Much like the stabilized video from military drones, which allow commanders to observe and interfere with unfamiliar territory from aerial vantage, A Little Bit More Stable takes the viewer above and outside the normal passage of motion picture time. The source material, a promotion for video stabilization software that has been commercialized from its military applications, depicts the stabilization of home movies and implies a similar steadying influence on the lives of would-be customers.

To make this piece, I’ve combined the video mastication technique from my 2013 Chewing video with a modified/dissipating alphabetical ordering, using alignment data from Gentle. I’ve tried to exploit the cocktail party effect, in combination with textual/visual reinforcement, to reward a viewer’s attempts at focus and concentration.

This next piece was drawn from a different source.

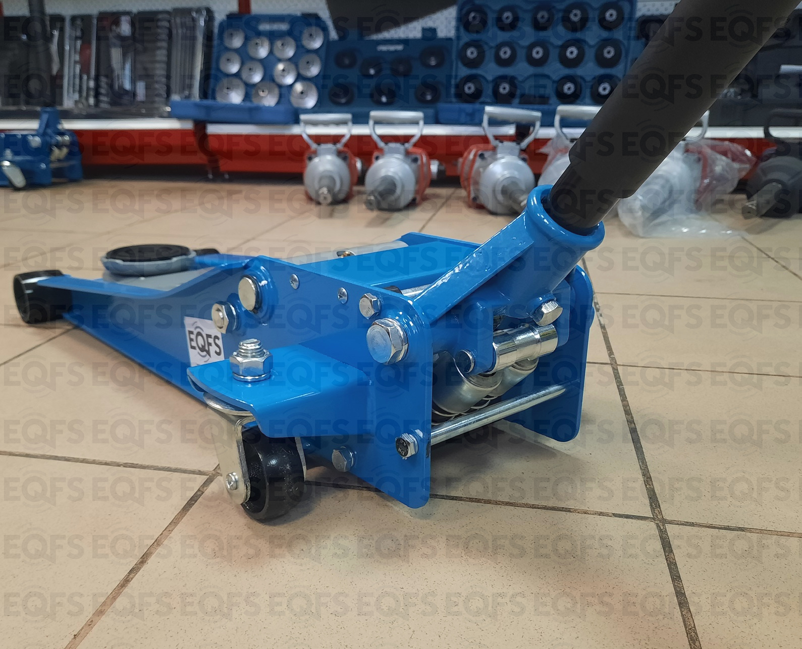 Домкрат подкатной low profile рекомендуется к применению в шиномонтажных мастерских и автосервисах для поднятия автомобилей с низким клиренсом. Цвет темно-синий.
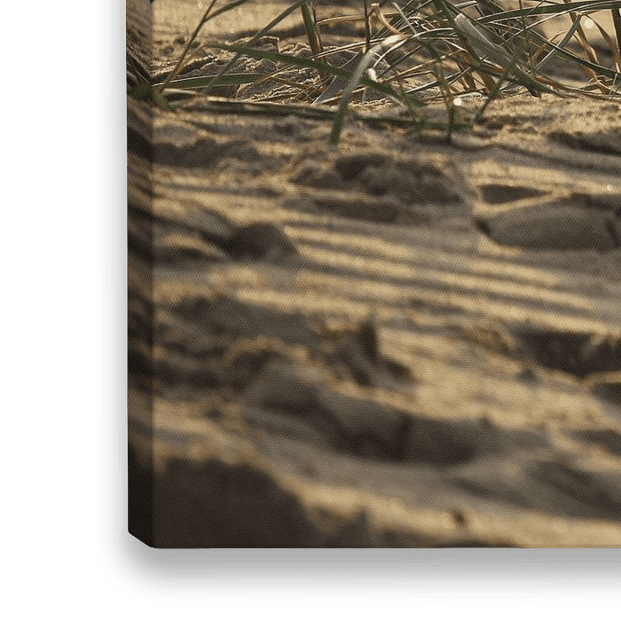 De kustplant Marram-gras (Ammophila) groeit op een zandduin tegen de achtergrond van het lage avondlicht. Gouden uur aan de Zeeuwse kust, Nederland.

This will be installed at the Fotografisk Center in Copenhagen, from November 5 to December 6, within the show Rewriting Histories curated by Lasse Lau and Benj Gerdes (Kran Film Collective) and in conjunction with the Copenhagen International Documentary Festival. I will be traveling to Copenhagen for the opening on the 5th, and will give an artist talk on the 10th (returning to San Francisco on the 14th).

• • •

One of the great pleasures of making a piece like this is that it stretches my perceptual abilities. I spend a lot of time listening, looking, and learning from the intermediate results. In some ways, I am teaching myself to “read” a language as I develop it. Unfortunately, that leaves me unable to anticipate the legibility (or illegibility) of a piece like this to those who haven’t spent time with the language. All of you are somewhat tainted by familiarity with my work, but as ever I am hungry for reactions.

Your correspondent,

R.M.O.


On Oct 23, 2015, at 3:38 PM, Robert Ochshorn wrote:

To test my “Forced Aligner” (I’m calling it “Gentle” for now), I’ve been alphabetizing audio files.


I was doing all of this in an iPython session, and using reverse-search-completions. I’ve attached the code, in case Glen wants to think about a Flowsheet that does something like this.
****************."><alphabetize.py>

Some other interesting things were sorting words by duration and playing all the bigrams.